Compact-Open topology for the space of all continuous paths

By | October 25, 2019

As i mentioned in Topological Complexity, M.Farber shows the space of all continuous paths in space $X$ by $PX$ and equip the path space  $PX$  with compact-open topology. But why?

In this note i try to account compact-open topology and another one called compact convergence topology and obviously their relations.

Compact-Open topology

When we have a space of maps, more precisely in this case, a space of continuous functions (paths), and we want to exert a topology on this space, it is natural to considering compact-open topology. But what is it exactly?

Here i rewrite the definitiion of compact-open topology from “topology, A first course by Munkres”:

Let $X$ and $Y$ be topological spaces. If $C$ is a compact subset of $X$ and $U$ is an open subset of $Y$, define

$S(C,U) =\{f \mid f \in \mathcal C(X,Y) \thinspace and \thinspace f(C)\subset U \}$

The sets $S(C,U)$ form a subbasis for a topology on $\mathcal C(X,Y)$ called the compact-open topology.

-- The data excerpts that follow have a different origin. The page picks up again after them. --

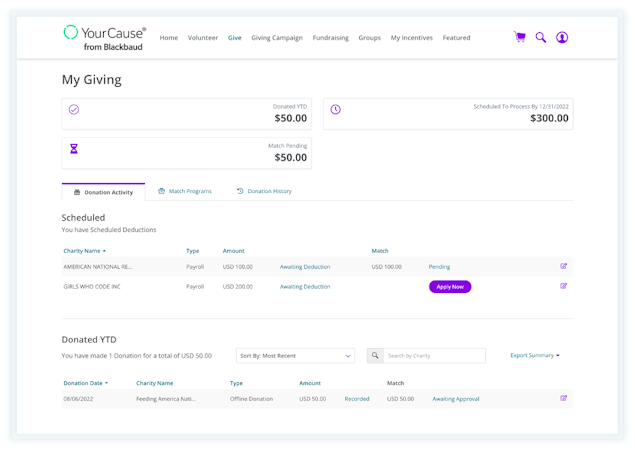 YourCause CSRconnect's features
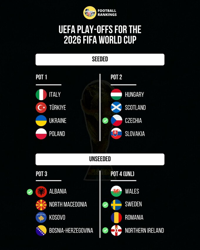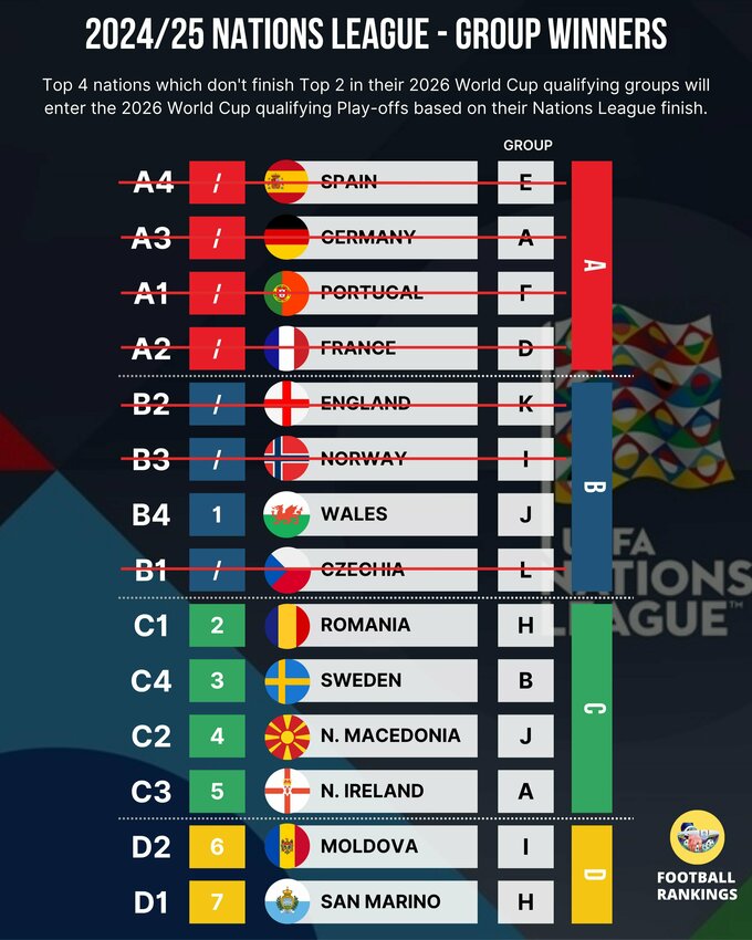Победители групп получат путевки на ЧМ-2026. Команды, занявшие вторые места, будут играть в плей-офф (в марте 2026 года).
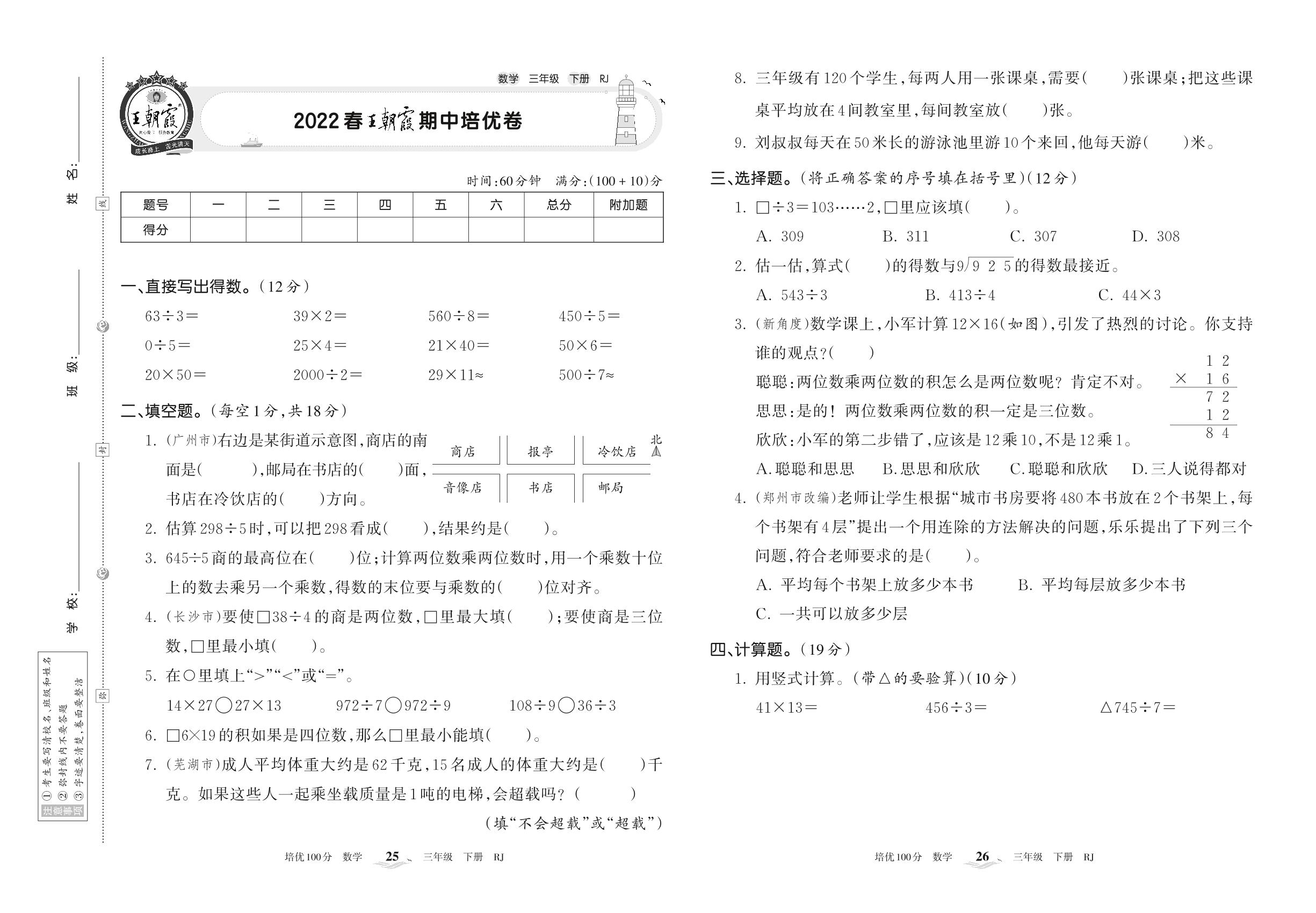 2022下册三年级数学人教版 王朝霞期中培优卷

Compact convergence topology

Again from “topology, A first course by Munkres” we have:

Let $(Y,d)$ be a metric space; let $X$ be a topological space. Given an element $f$ of $Y^X$, a compact subset $C$ in $X$, and a number $\epsilon > 0$, let $B_{c}(f,e)$ denote the set of all those elements $g$ of $Y^X$ for which

$lub\{d(f(x),g(x)) \mid x \in C \} < \epsilon$

The sets $B_{c}(f,e)$ form a basis for a topology on $Y^X$. It is called the topology of compact convergence (or sometimes the “topology of uniform convergence on compact sets”).

Coincidence of Compact convergence and Compact-Open topology

Theorem 5.1 in the book noted above is as below:

Let $X$ be a space and let $(Y,d)$ be a metric space. For the space $\mathcal C(X,Y)$, the compact-open topology and topology of compact convergence coincide.

With this theorem we can understand the continuity of functions showed by $s_{i}$ in the notion of Topological Complexity, better and better. In fact with compact convergence topology on $X^I$, we can conceive closing of two paths more easier, because we can assume a metric on $X$.

But on the other hand we know that this metric is not important, means the structured topology doesn’t depend on the metric of $X$.